Reflections
from the Ahnishinahbæótjibway (We, the People)
|
September 2,
1992
[unpublished & uncompleted]
This is an excerpt taken from the Lake Mohonk Conference, “Friends of the Indian” policy-making sessions held annually in the late 1800’s and early 1900’s. The focus of these conferences was putting together a strategy, and a publicly acceptable rationalization, about how they were going to destroy the Aboriginal Indigenous People, through the Indians. The person who told this particular little story was Bishop Whipple.
A
party of engineers was once lost during a survey of the
North Pacific Railway. Some of the men
came to an Indian who was the head of a band.

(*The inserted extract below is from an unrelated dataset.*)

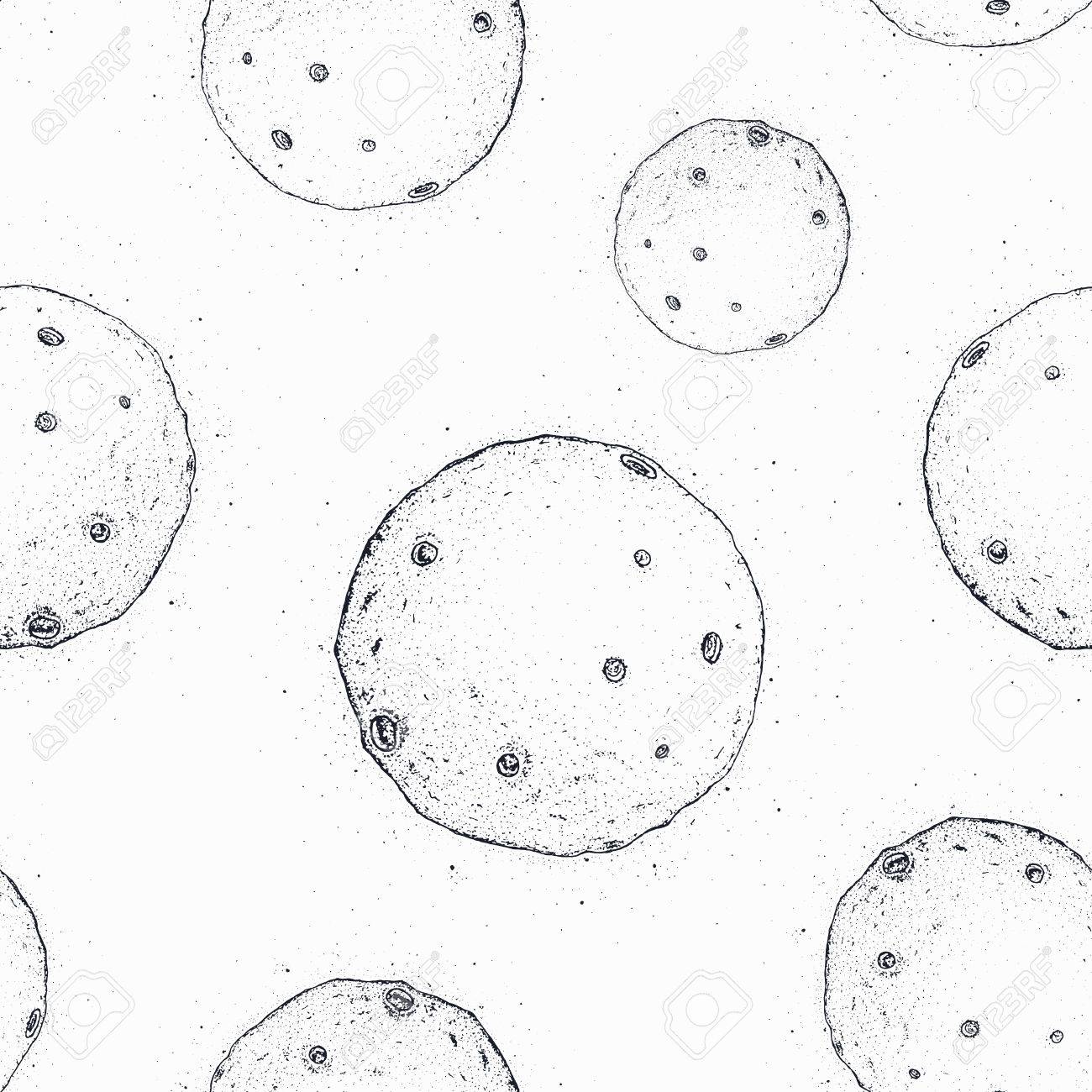 Patron Monocromo Con Luna Cubierta De Crateres Cuerpos Astronomicos Celestes En El Espacio Exterior Dibujados A Mano En Colores Blanco Y Negro Ilustracion De Vector De Fondo De Pantalla Impresion De Tela

He had very comfortable things about him, chickens and pigs,
etc., They told the Indian that they were
very
hungry, that they had been lost three days, and had nothing to eat. He asked his wife to get up the best dinner
she could. When the dinner was ready,
the Indian sat down and ate, and left the white men hungry. They were very angry; but what could they
do? After he had finished his meal, he
asked his wife to prepare another. Then
he said solemnly: “I suppose you wonder why I do not have you eat with
me. I went to Washington once; and the
Great
Father said to me, ‘You must do exactly what the white men do if you
want to be
happy and go to the good place when you die.’
And I noticed that the white men never let poor men than
themselves sit
with them at the table. I want to be
happy in this world, and I would not like to lose my chance of going to
the
good place. You are poor, and so I would not let you eat with me.”